■ **EXERCISE REQUIREMENTS**
An exact copy of every entry is needed, with no images.

■ **DATASET EXTRACT**
——

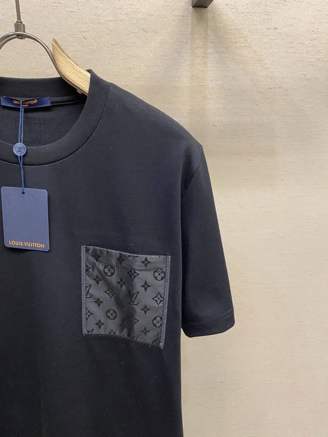 This Louis Vuitton cotton short-sleeved T-shirt features a jacquard silk patch pocket design for a relaxed silhouette, easily blending into casual looks or paired with matching shorts for a perfect summer outing. Washing instructions: Dry clean or machine wash individually in cold water, reversed, and air dry. Sizes: S-XL
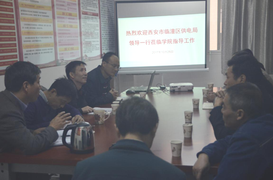 10月25日上午,国家电网西安市临潼区供电公司党委书记王建涛一行到电控学院交流。电控学院党委书记杨勇、院长付周兴、副院长杜京义、实验中心主任杨建翔、教授赵建文参加交流座谈。杨勇书记首先对王建涛书记一行前来电控学院交流表示欢迎,会上杨勇书记介绍了学院的基本概况,并一同参观了学院电气专业实验室。双方就党建工作、“两学一做”学习教育、学生专业实践培养、创新创业教育工作、电力系统科学研究等方面进行了深入交流,希望以后继续加强合作。
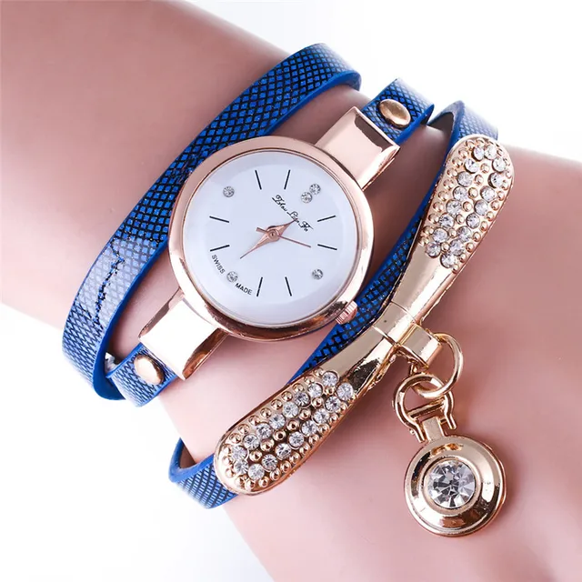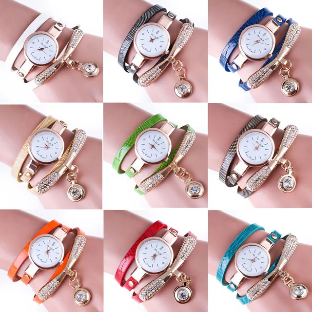 | [해외] 여성 시계 팔찌 시계 숙녀 가죽 라인 석 아날로그 석영 스테인리스 손목 9 색 시계 여성 #210717 |
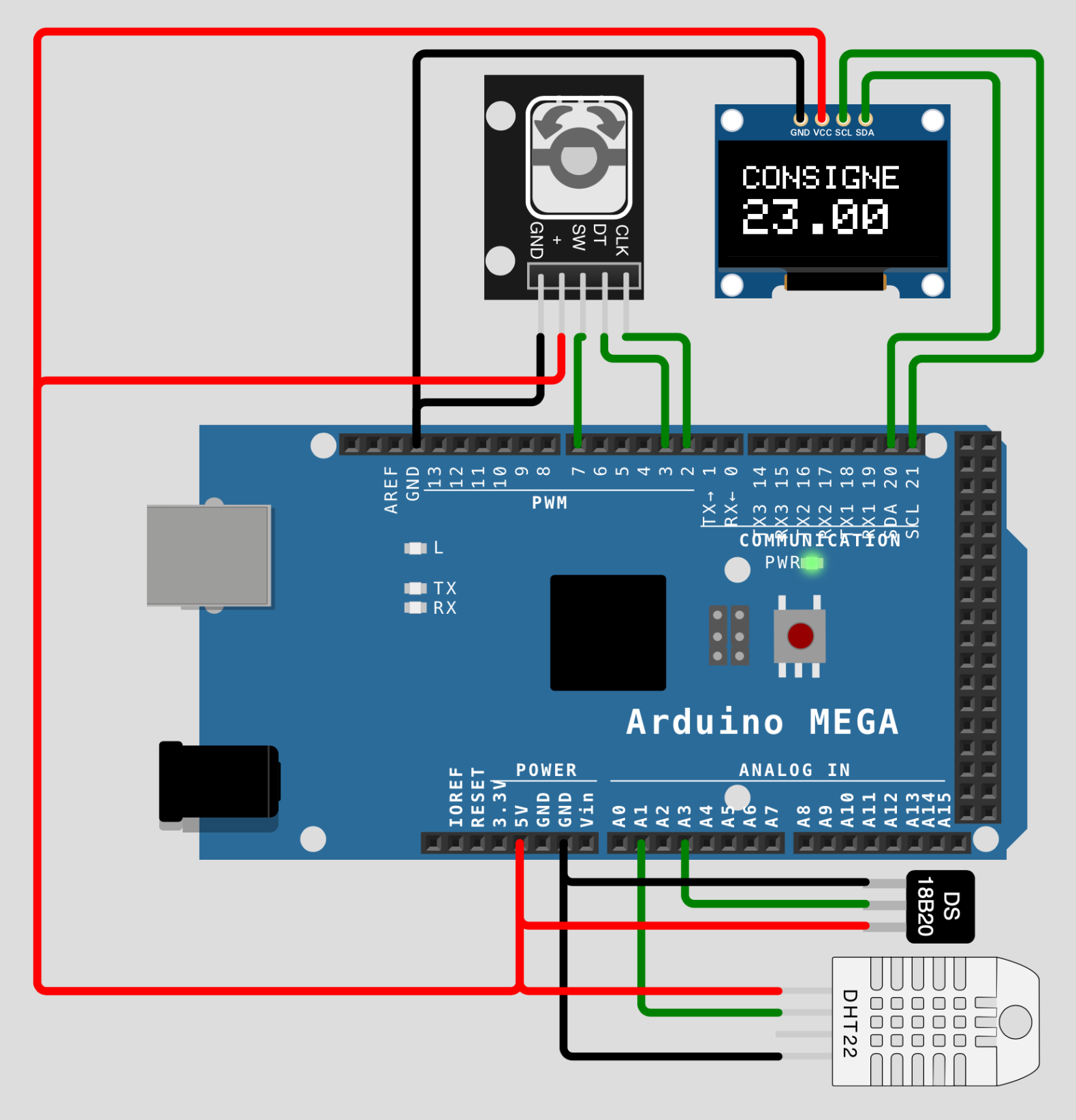 Bon, j’ai corrigé un peu le code pour améliorer les choses, mais j’ai l’impression d’avoir un souci de bounce, quand j’appuie sur le bouton de l’encodeur, le menu de réglage consigne apparait mais seulement une 1/2 secondes et disparait.
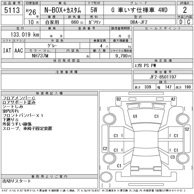 Honda N BOX PLUS с аукциона Японии CAA Tohoku лот № 5113
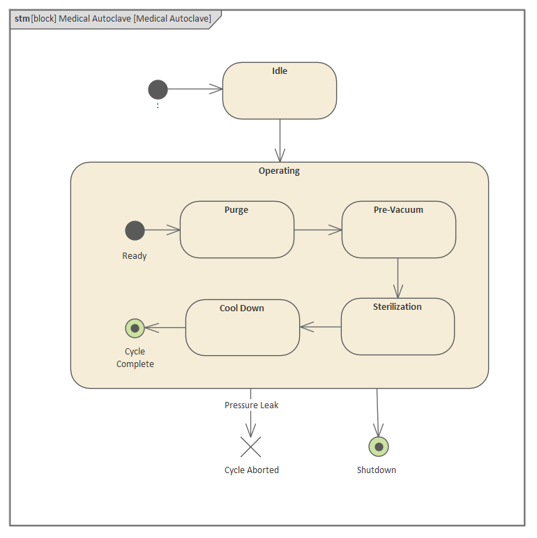 The Terminate pseudostate is a useful node to ensure that an entire StateMachine is shut down. Regardless of what level in a State hierarchy the node is located, all regions and all levels of the hierarchy will terminate. It is a final node in the sense that the owning StateMachine will immediately stop executing. The termination is not 'graceful' and any behaviors that are currently being executed will simply stop; no exit behaviors will be executed. This diagram shows a Composite State with a single region; if there is a Pressure Leak the operation of the Autoclave must be immediately terminated, so there is a transition from the operating state to the Cycle Aborted Terminate pseudostate.
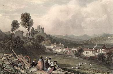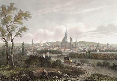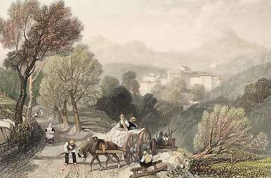 Frankreich. Stahlstich von J. Cousen nach J. D. Harding. 1834. Sehr guter Zustand. Handkoloriert. 14,5x10cm. Mit Passepartout.

——

■ **WRITTEN SOLUTION**
 This Louis Vuitton cotton short-sleeved T-shirt features a jacquard silk patch pocket design for a relaxed silhouette, easily blending into casual looks or paired with matching shorts for a perfect summer outing. Washing instructions: Dry clean or machine wash individually in cold water, reversed, and air dry. Sizes: S-XL
 10月25日上午,国家电网西安市临潼区供电公司党委书记王建涛一行到电控学院交流。电控学院党委书记杨勇、院长付周兴、副院长杜京义、实验中心主任杨建翔、教授赵建文参加交流座谈。杨勇书记首先对王建涛书记一行前来电控学院交流表示欢迎,会上杨勇书记介绍了学院的基本概况,并一同参观了学院电气专业实验室。双方就党建工作、“两学一做”学习教育、学生专业实践培养、创新创业教育工作、电力系统科学研究等方面进行了深入交流,希望以后继续加强合作。
 | [해외] 여성 시계 팔찌 시계 숙녀 가죽 라인 석 아날로그 석영 스테인리스 손목 9 색 시계 여성 #210717 |
 Bon, j’ai corrigé un peu le code pour améliorer les choses, mais j’ai l’impression d’avoir un souci de bounce, quand j’appuie sur le bouton de l’encodeur, le menu de réglage consigne apparait mais seulement une 1/2 secondes et disparait.
 Honda N BOX PLUS с аукциона Японии CAA Tohoku лот № 5113
 The Terminate pseudostate is a useful node to ensure that an entire StateMachine is shut down. Regardless of what level in a State hierarchy the node is located, all regions and all levels of the hierarchy will terminate. It is a final node in the sense that the owning StateMachine will immediately stop executing. The termination is not 'graceful' and any behaviors that are currently being executed will simply stop; no exit behaviors will be executed. This diagram shows a Composite State with a single region; if there is a Pressure Leak the operation of the Autoclave must be immediately terminated, so there is a transition from the operating state to the Cycle Aborted Terminate pseudostate.
 Frankreich. Stahlstich von J. Cousen nach J. D. Harding. 1834. Sehr guter Zustand. Handkoloriert. 14,5x10cm. Mit Passepartout.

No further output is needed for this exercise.